During the bygone summer, there was an 8-metre high instalment near the central harbour of my hometown. The statue depicted a hairless, skinny boy with flushed cheeks, peeing into the waters of the harbour pool.

Unsurprisingly the statue was welcomed with a mixed reception; many people expressed their dislike for Tommi Toija’s Bad bad boy and its (lack of) aesthetics. These people would’ve preferred to have the statue placed somewhere beyond their sight, perhaps in a museum or anywhere else where they don’t have to look at it everyday (for these people did indeed work in the harbour and the neighbouring market place).

I can understand this kind of “not in my neighbourhood”-attitude but what I’m really wondering is whether or not Bad bad boy could then be considered art. With some people claiming that Bad bad boy isn’t “real” art, what is it then that makes art “real”? Does art have to be positively received? Does it have to be done by an acclaimed artist?

It seems these questions could be asked from about any kind of expression: what is music? What is literature? Perhaps they are art as well.

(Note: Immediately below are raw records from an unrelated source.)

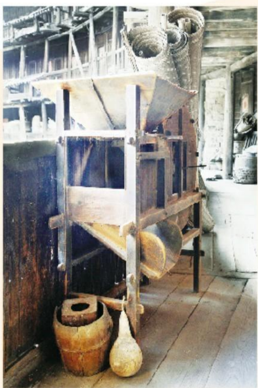
角蕊 米力 摄

那三尺高的讲台 不过抬脚一阶而已 轻轻一跨 便有抑扬顿挫 气壮山河 便有人间奥秘 宇宙万千 而您的灵魂也在一次次毫无保留倾其所有中 迈向了更高的辉煌
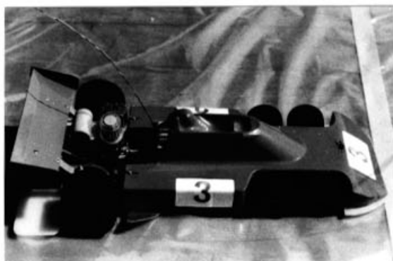
La nouvelle Micro Racing qui faisait ces débuts en compétition.
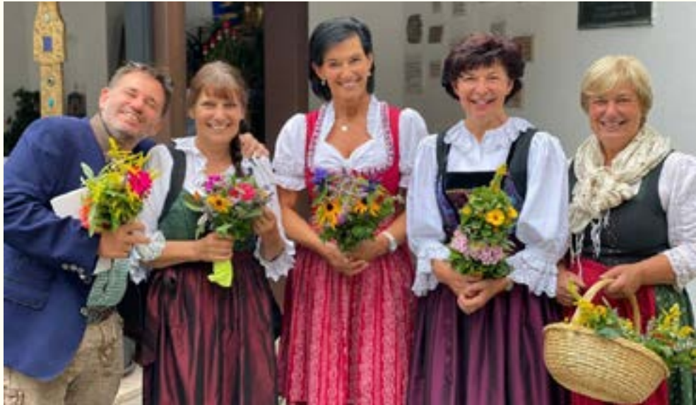
104. Gelöbniswahllfahrt des Kameradschaftbundes in Mariastein am 04.09.2022
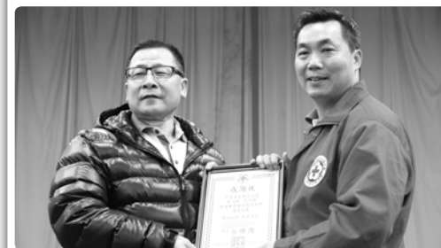
感謝學寶實業南順興總經理
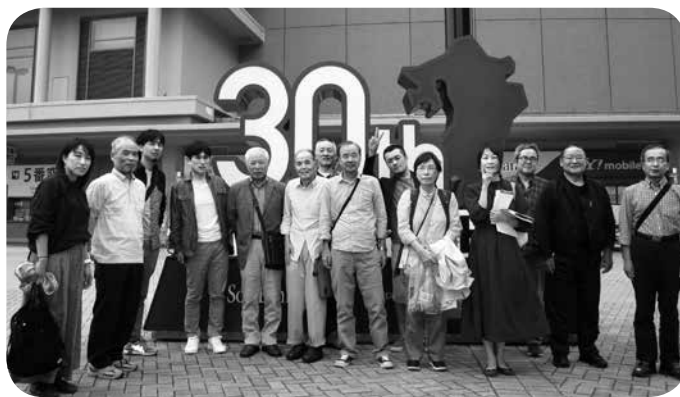
福岡ヤフオク!ドーム

先発二保投手が序盤に失点し、相手有原投手に5回までノーヒットの苦しい展開。売り子に注文するビールは2杯目をすでに飲み干している。ラッキーセブンの前の風船飛ばしをみんなでやった。黄色いジェッ
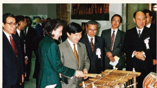
～ 広報展示室の楽器を演奏されました ～

1965年に青年海外協力隊の派遣事業が始まって以来、天皇皇后両陛下(当時は皇太子同妃両殿下)は、協力隊事業に強い関心をお寄せになっており、初代隊員より、出発前に直接お目にかかる機会をいただき、激励のお言葉を賜っています。

If so, it is helpful to know that the only difference between sound and music is intention. Could it then be that the difference between a shopping list and a piece of literature is the author’s intention of creating literature? The intention of self-expression?

Is this intention necessarily a prerequisite of literature, or art for that matter? If somebody sees beauty in my shopping list, does that still mean that it can’t be art? Does art have to be presented as art?

If so, what about some appreciated works such as Anne Frank’s diary or the photographs of Vivian Maier that were discovered post mortem? How do we know if there was any intention of self-expression or of creating art? Is art, after all, defined by its popularity? What if Frank’s and Maier’s works had never been found and thus never been popular? Would they still be literature/art?

Then why do some people talk about “real” art? Or, alternatively, “good” or “bad” art? And can art be pretentious? Does the popularity of some Young Adult films and novels make them “better” art than the less bought works? Are guilty pleasures “good” art, even if their consumers admit to feeling embarrassed for enjoying them?

What I have found is that no art is really “good”, “bad” or “pretentious”. Art can exist without a spectator, as music can exist without a listener. The work does not need to be seen as art by its artist, nor does it have to be intended as art. What ultimately matters is the artist’s intention to express, be it conscious or unconscious. To borrow the words of Oscar Wilde, the “only excuse for making a useless thing is that one admires it intensely.” And there definitely is useless art to be found even in the most useful of objects.